In-depth analysis of python timed killing process and analysis of python Process
Previously, I wrote a python script to use selenium + phantomjs to crawl a New post. During the page loop pulling process, phantomjs is always blocked and the maximum wait time setting using WebDriverWait is invalid. No improvement in replacing phantomjs with firefox
Because this script will not be used for a long time, a temporary method is adopted to create a new sub-thread to kill the phantomjs process at a fixed cycle, so that selenium will return after the block does not exceed this cycle at most. Of course, make some fine-tuning in the crawler script to prevent some URLs from being skipped.
The sched module is used for scheduled task execution. Many people compare it with crontab.
Command to kill a specific process
Copy codeThe Code is as follows:
The kill-9 pid command can terminate the corresponding pid process unconditionally.
Obtain the process pid named phantomjs
Ps command to list process information
Grep filters process information with the specified name.
Awk '{print $2}' extracts the pid information of the second column
The final command is: kill-9 'ps-aux | grep phantomjs | awk '{print $2 }''
Python can use OS. system () to execute shell commands.
Use sched module to execute tasks cyclically
The sched module uses heapq to save the event queue. The event type is namedtuple.
Sched requires two functions, one for obtaining time changes, and the other for waiting for a period of time, which can be customized.
Basic API
The sched. scheduler (time_func, sleep_func) function returns a scheduler object. timefunc is a timing function that returns numbers, and sleepfunc can accept this parameter and delay the corresponding time.

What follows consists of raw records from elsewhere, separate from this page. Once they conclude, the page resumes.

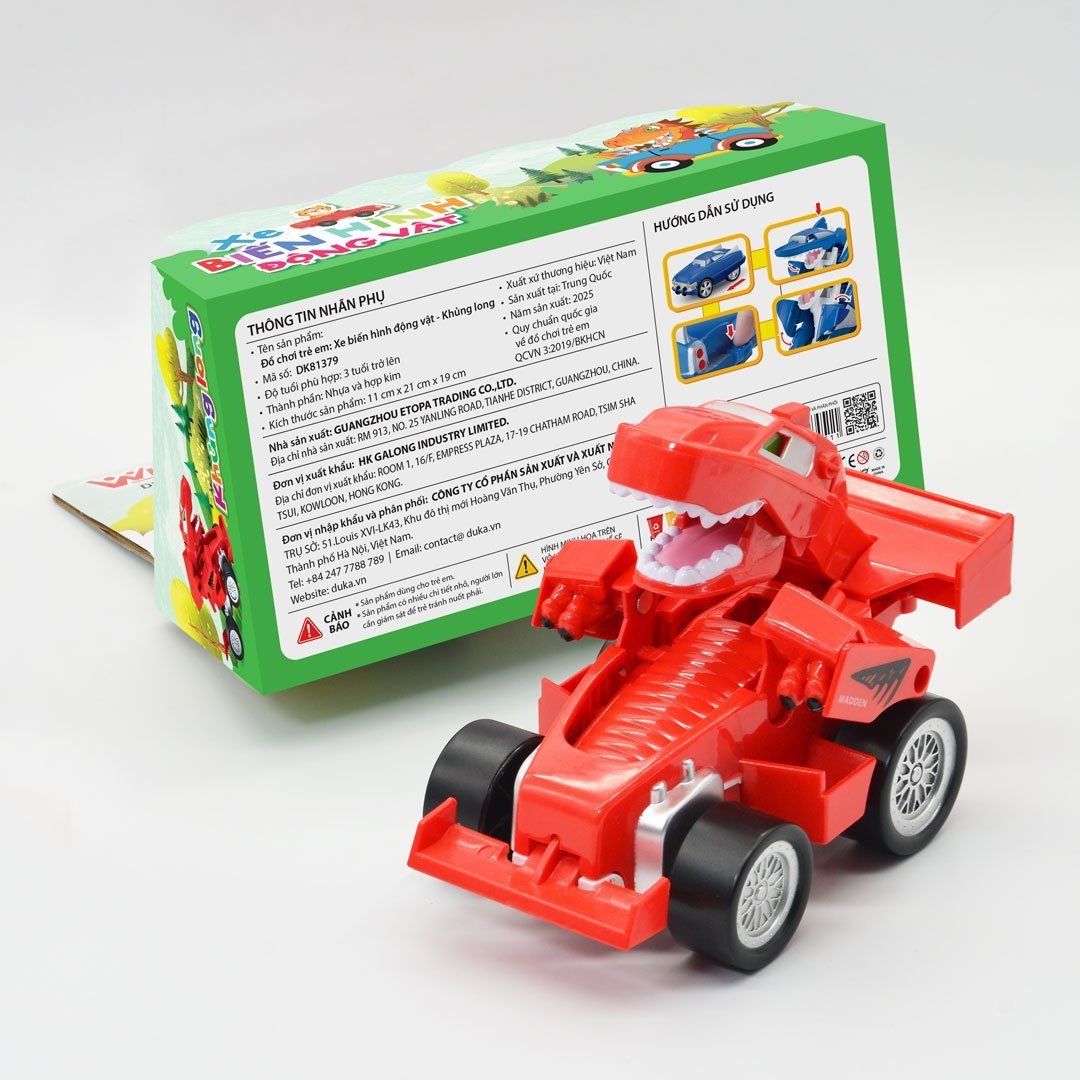 Mua tại TiktokĐồ chơi Xe biến hình động vật được sản xuất bằng chất liệu nhựa ABS và hợp kim độ bền cao, chịu được va đập. Với thiết kế theo mô hình chiếc xe ô tô và khi bấm nút xe sẽ bung ra và biến hóa thành các con vật ngộ nghĩnh và đáng yêu. Xe bánh đà tạo ma sát tốt và độ văng xa , khi chơi sẽ giúp bé tăng cường sự thích thú và tập trung của bé. Món đồ chơi không chỉ đem lại hứng thú cho trẻ, giúp trẻ phát triển các giác quan mà còn để trẻ tự do khám phá và nhận biết được các con vật và về thế giới xung quanh cũng như tăng cường tính kết nối cộng đồng. Thông tin sản phẩm:
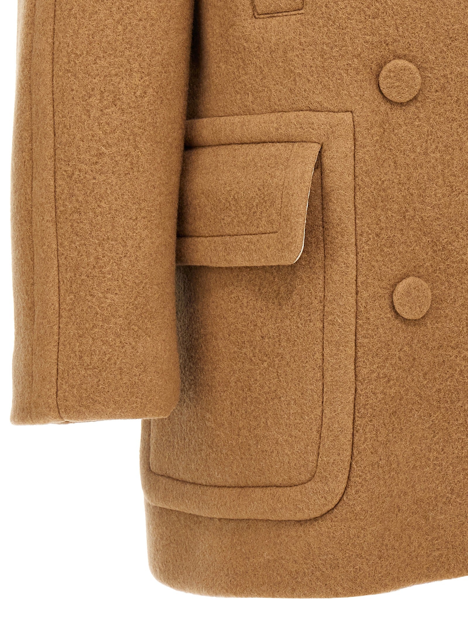 'Randia' double-breasted wool coat with button closure, pockets, long sleeves, back half belt.
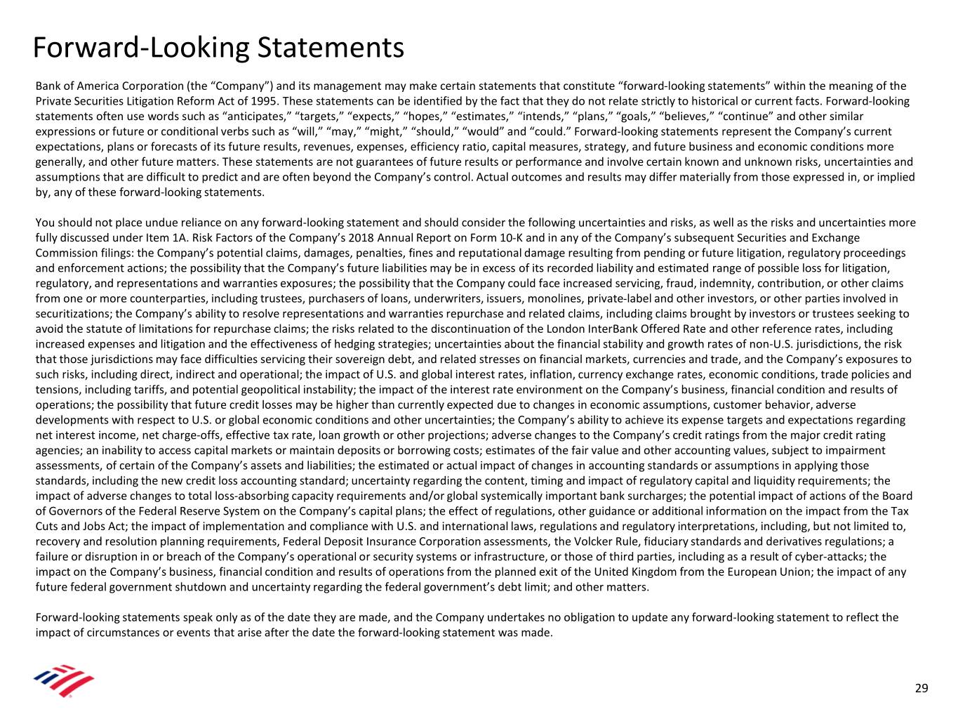 Forward-Looking Statements Bank of America Corporation (the “Company”) and its management may make certain statements that constitute “forward-looking statements” within the meaning of the Private Securities Litigation Reform Act of 1995. These statements can be identified by the fact that they do not relate strictly to historical or current facts. Forward-looking statements often use words such as “anticipates,” “targets,” “expects,” “hopes,” “estimates,” “intends,” “plans,” “goals,” “believes,” “continue” and other similar expressions or future or conditional verbs such as “will,” “may,” “might,” “should,” “would” and “could.” Forward-looking statements represent the Company’s current expectations, plans or forecasts of its future results, revenues, expenses, efficiency ratio, capital measures, strategy, and future business and economic conditions more generally, and other future matters. These statements are not guarantees of future results or performance and involve certain known and unknown risks, uncertainties and assumptions that are difficult to predict and are often beyond the Company’s control. Actual outcomes and results may differ materially from those expressed in, or implied by, any of these forward-looking statements. You should not place undue reliance on any forward-looking statement and should consider the following uncertainties and risks, as well as the risks and uncertainties more fully discussed under Item 1A. Risk Factors of the Company’s 2018 Annual Report on Form 10-K and in any of the Company’s subsequent Securities and Exchange Commission filings: the Company’s potential claims, damages, penalties, fines and reputational damage resulting from pending or future litigation, regulatory proceedings and enforcement actions; the possibility that the Company’s future liabilities may be in excess of its recorded liability and estimated range of possible loss for litigation, regulatory, and representations and warranties exposures; the possibility that the Company could face increased servicing, fraud, indemnity, contribution, or other claims from one or more counterparties, including trustees, purchasers of loans, underwriters, issuers, monolines, private-label and other investors, or other parties involved in securitizations; the Company’s ability to resolve representations and warranties repurchase and related claims, including claims brought by investors or trustees seeking to avoid the statute of limitations for repurchase claims; the risks related to the discontinuation of the London InterBank Offered Rate and other reference rates, including increased expenses and litigation and the effectiveness of hedging strategies; uncertainties about the financial stability and growth rates of non-U.S. jurisdictions, the risk that those jurisdictions may face difficulties servicing their sovereign debt, and related stresses on financial markets, currencies and trade, and the Company’s exposures to such risks, including direct, indirect and operational; the impact of U.S. and global interest rates, inflation, currency exchange rates, economic conditions, trade policies and tensions, including tariffs, and potential geopolitical instability; the impact of the interest rate environment on the Company’s business, financial condition and results of operations; the possibility that future credit losses may be higher than currently expected due to changes in economic assumptions, customer behavior, adverse developments with respect to U.S. or global economic conditions and other uncertainties; the Company’s ability to achieve its expense targets and expectations regarding net interest income, net charge-offs, effective tax rate, loan growth or other projections; adverse changes to the Company’s credit ratings from the major credit rating agencies; an inability to access capital markets or maintain deposits or borrowing costs; estimates of the fair value and other accounting values, subject to impairment assessments, of certain of the Company’s assets and liabilities; the estimated or actual impact of changes in accounting standards or assumptions in applying those standards, including the new credit loss accounting standard; uncertainty regarding the content, timing and impact of regulatory capital and liquidity requirements; the impact of adverse changes to total loss-absorbing capacity requirements and/or global systemically important bank surcharges; the potential impact of actions of the Board of Governors of the Federal Reserve System on the Company’s capital plans; the effect of regulations, other guidance or additional information on the impact from the Tax Cuts and Jobs Act; the impact of implementation and compliance with U.S. and international laws, regulations and regulatory interpretations, including, but not limited to, recovery and resolution planning requirements, Federal Deposit Insurance Corporation assessments, the Volcker Rule, fiduciary standards and derivatives regulations; a failure or disruption in or breach of the Company’s operational or security systems or infrastructure, or those of third parties, including as a result of cyber-attacks; the impact on the Company’s business, financial condition and results of operations from the planned exit of the United Kingdom from the European Union; the impact of any future federal government shutdown and uncertainty regarding the federal government’s debt limit; and other matters. Forward-looking statements speak only as of the date they are made, and the Company undertakes no obligation to update any forward-looking statement to reflect the impact of circumstances or events that arise after the date the forward-looking statement was made. 29

Sched。. enter (delay, priority, action, argument) after the delay period, call the action with the argument parameter. argument must be a tuple. To run at a fixed time, call scheduler. enterabs
Schedcel. cancel (event) cancels a scheduled task. Event is the return value of the enter function.
Scheduler. run ()
Task time overlaps
A block may take some time to execute a task. After the task is returned, it may have exceeded the scheduled time of the next task. In this case, the next task will be executed immediately without skipping.
Periodical execution
Similar to recursive calls, write a wrapper function and schedule the next task again in the task.
def wrapper(func, delay):scheduler.enter(delay, 0, wrapper, (func, delay))func()
Final code
import os, time, schedschedule = sched.scheduler(time.time, time.sleep)cmd = '''kill -9 `ps -aux|grep phantomjs|awk '{print $2}'`'''def recycle_eval(c, inc):schedule.enter(inc, 0, recycle_eval, (c, inc))os.system(c)print time.ctime(),'phantomjs killed'if __name__ == '__main__':inc = 180schedule.enter(inc, 0, recycle_eval, (cmd, inc))schedule.run()
The above is a small series of knowledge about the python timed kill process, hoping to help you!